Boyle J O, Langenfeld J, Lonardo F, Sekula D, Reczek P, Rusch V, Dawson M I, Dmitrovsky E
Laboratory of Molecular Medicine and Head and Neck Service, Sloan-Kettering Institute, Memorial Sloan-Kettering Cancer Center, New York, NY 10021, USA.
J Natl Cancer Inst. 1999 Feb 17;91(4):373-9. doi: 10.1093/jnci/91.4.373.
Retinoids (derivatives of vitamin A) are reported to reduce the occurrence of some second primary cancers, including aerodigestive tract tumors. In contrast, beta-carotene does not reduce the occurrence of primary aerodigestive tract cancers. Mechanisms explaining these effective retinoid and ineffective carotenoid chemoprevention results are poorly defined. Recently, the all-trans-retinoic acid (RA)-induced proteolysis of cyclin D1 that leads to the arrest of cells in G1 phase of the cell cycle was described in human bronchial epithelial cells and is a promising candidate for such a mechanism. In this study, we have investigated this proteolysis as a common signal used by carotenoids or receptor-selective and receptor-nonselective retinoids.

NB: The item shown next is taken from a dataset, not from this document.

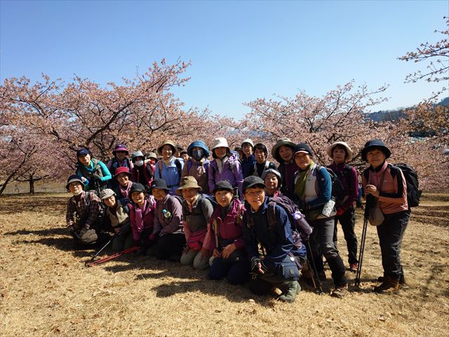 ●リーダーコメント:おおいゆめの里の河津さくらを目的とした山行、その目的は完全に達成できた。今年は天候が穏やかで雨・風で荒れることもなく例年より長く良い景色が見られたことと思います。そんな中に「大井里山花まつり」も開催されていて賑わっていました。桜のあいだから覗く富士山を見ながら、早めの昼食をゆっくり食べ、その後は桜の木々の間を次へと向かった。
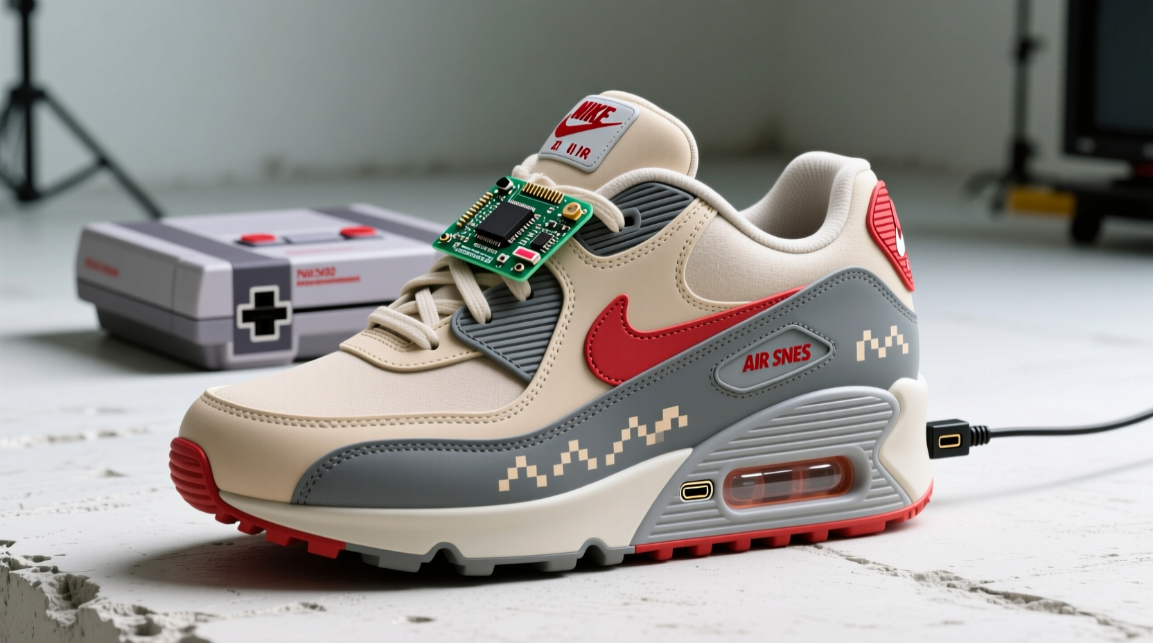 К 35-летнему юбилею игровой приставки Super Nintendo известный дизайнер Г. Бонзанини презентовал необычный проект — уникальные кроссовки Nike Air с индексом Max 90, преобразованные в полнофункциональную игровую ретро-систему. Модель AIR SNES, выполненная в сдержанной цветовой гамме, характерной для оригинальной приставки, скрывает в язычке суперкомпактный компьютер Raspberry Pi и аккумуляторную батарею. Одноплатный компьютер функционирует под управлением эмулятора RetroPie, что позволяет запускать классические 16-битные игры для Super Nintendo.

We treated cultured normal human bronchial epithelial cells, immortalized human bronchial epithelial cells (BEAS-2B), and transformed human bronchial epithelial cells (BEAS-2BNNK) with receptor-selective or receptor-nonselective retinoids or with carotenoids and studied the effects on cell proliferation by means of tritiated thymidine incorporation and on cyclin D1 expression by means of immunoblot analysis. We also examined whether calpain inhibitor I, an inhibitor of the 26S proteasome degradation pathway, affected the decline (i.e., proteolysis) of cyclin D1.

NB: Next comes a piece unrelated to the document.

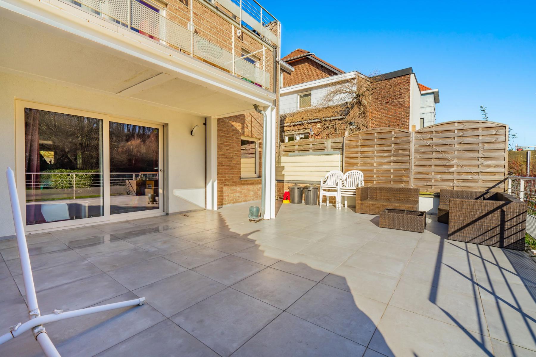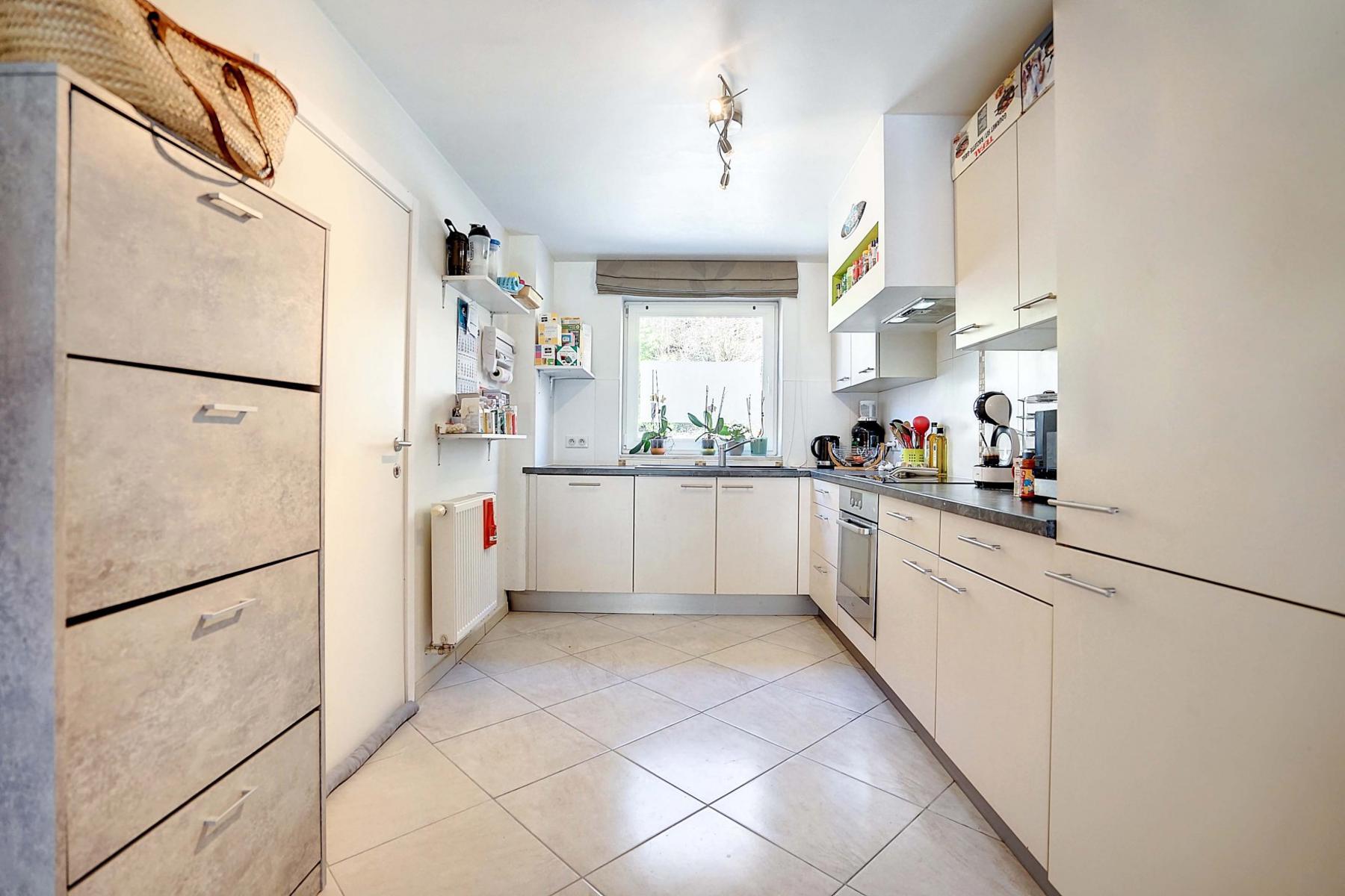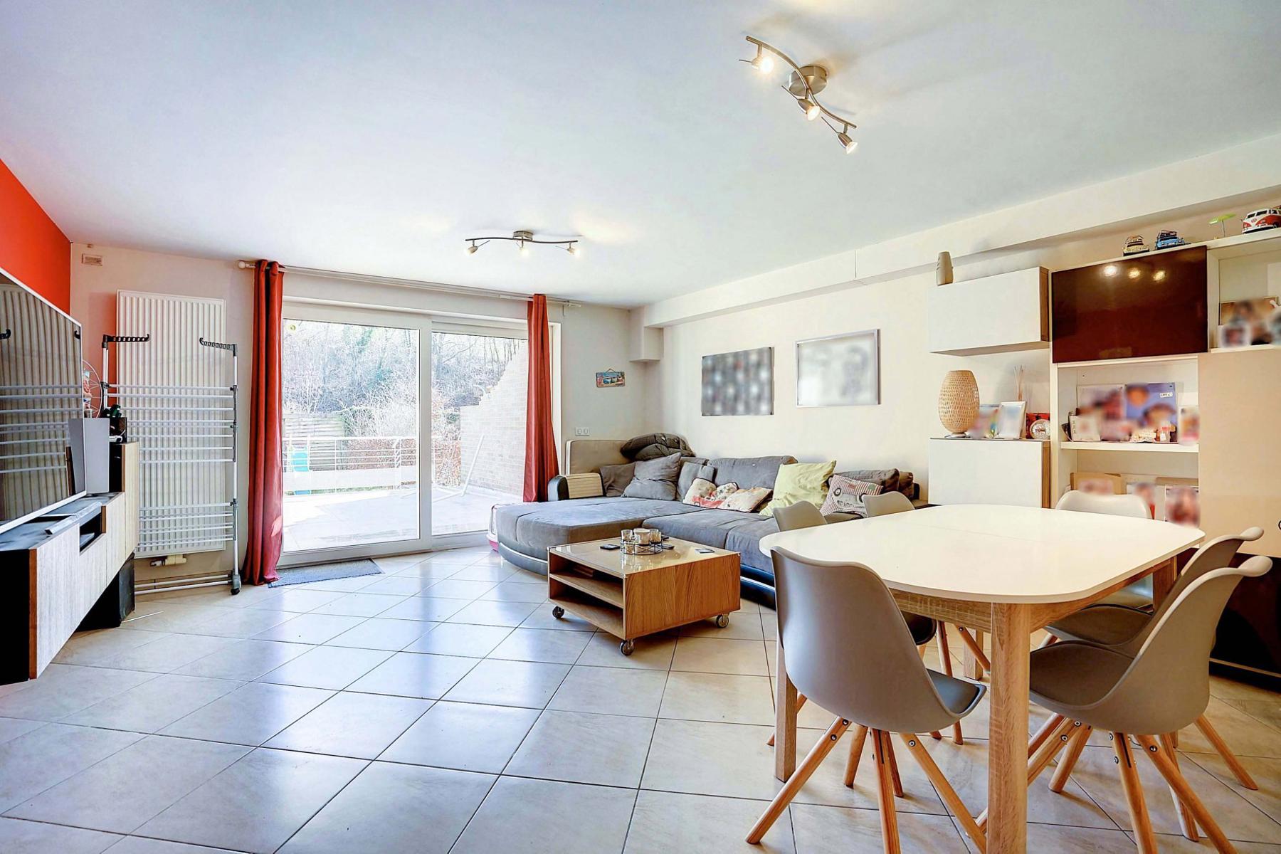 OPTION OPTION OPTION A quelques minutes du centre de Court-Saint-Etienne, de la gare et des commerces, CCV Immobilier vous propose ce magnifique appartement de +/- 80m², au rez de chaussée d'un petit immeuble récent (2009) avec 3 copropriétés seulement. Moderne, il offre un spacieux séjour de +/- 41m² avec salle à manger et cuisine ouverte et équipée, 2 belles chambres de 10m² et 12m², une salle de douche et un W.C. indépendant. Beaux espaces extérieurs dont une grande terrasse avec vue de +/- 48m² exposée sud et un agréable jardin plat et facile d'entretien. Autres atouts: Place de parking extérieur privative, compteurs individuels (gaz, électricité et eau) et excellent PEB B ! Opportunité rare ! A saisir sans tarder ! Les 2 autres appartements sont également à vendre. Pour visiter contacter Marie au 0474/88.59.30.

Receptor-nonselective retinoids were superior to the carotenoids studied in mediating the decline in cyclin D1 expression and in suppressing the growth of bronchial epithelial cells. Retinoids that activated retinoic acid receptor beta or retinoid X receptor pathways preferentially led to a decrease in the amount of cyclin D1 protein and a corresponding decline in growth. The retinoid-mediated degradation of cyclin D1 was blocked by cotreatment with calpain inhibitor I.
Retinoid-dependent cyclin D1 proteolysis is a common chemoprevention signal in normal and neoplastic human bronchial epithelial cells. In contrast, carotenoids did not affect cyclin D1 expression. Thus, the degradation of cyclin D1 is a candidate intermediate marker for effective retinoid-mediated cancer chemoprevention in the aerodigestive tract.
据报道,类视黄醇(维生素A的衍生物)可降低某些第二原发性癌症的发生率,包括气消化道肿瘤。相比之下,β-胡萝卜素并不能降低原发性气消化道癌症的发生率。解释这些有效的类视黄醇和无效的类胡萝卜素化学预防结果的机制尚不清楚。最近,在人支气管上皮细胞中描述了全反式维甲酸(RA)诱导的细胞周期蛋白D1的蛋白水解,这导致细胞在细胞周期的G1期停滞,并且是这种机制的一个有希望的候选者。在本研究中,我们研究了这种蛋白水解作为类胡萝卜素或受体选择性和受体非选择性类视黄醇使用的共同信号。
我们用受体选择性或受体非选择性类视黄醇或类胡萝卜素处理培养的正常人支气管上皮细胞、永生化人支气管上皮细胞(BEAS-2B)和转化的人支气管上皮细胞(BEAS-2BNNK),并通过氚标记胸腺嘧啶掺入法研究对细胞增殖的影响,通过免疫印迹分析研究对细胞周期蛋白D1表达的影响。我们还检查了26S蛋白酶体降解途径的抑制剂钙蛋白酶抑制剂I是否影响细胞周期蛋白D1的下降(即蛋白水解)。
受体非选择性类视黄醇在介导细胞周期蛋白D1表达下降和抑制支气管上皮细胞生长方面优于所研究的类胡萝卜素。激活维甲酸受体β或类视黄醇X受体途径的类视黄醇优先导致细胞周期蛋白D1蛋白量的减少和相应的生长下降。钙蛋白酶抑制剂I共处理可阻断类视黄醇介导的细胞周期蛋白D1降解。
类视黄醇依赖性细胞周期蛋白D1蛋白水解是正常和肿瘤性人支气管上皮细胞中的一种常见化学预防信号。相比之下,类胡萝卜素不影响细胞周期蛋白D1表达。因此,细胞周期蛋白D1的降解是气消化道中有效类视黄醇介导的癌症化学预防的候选中间标志物。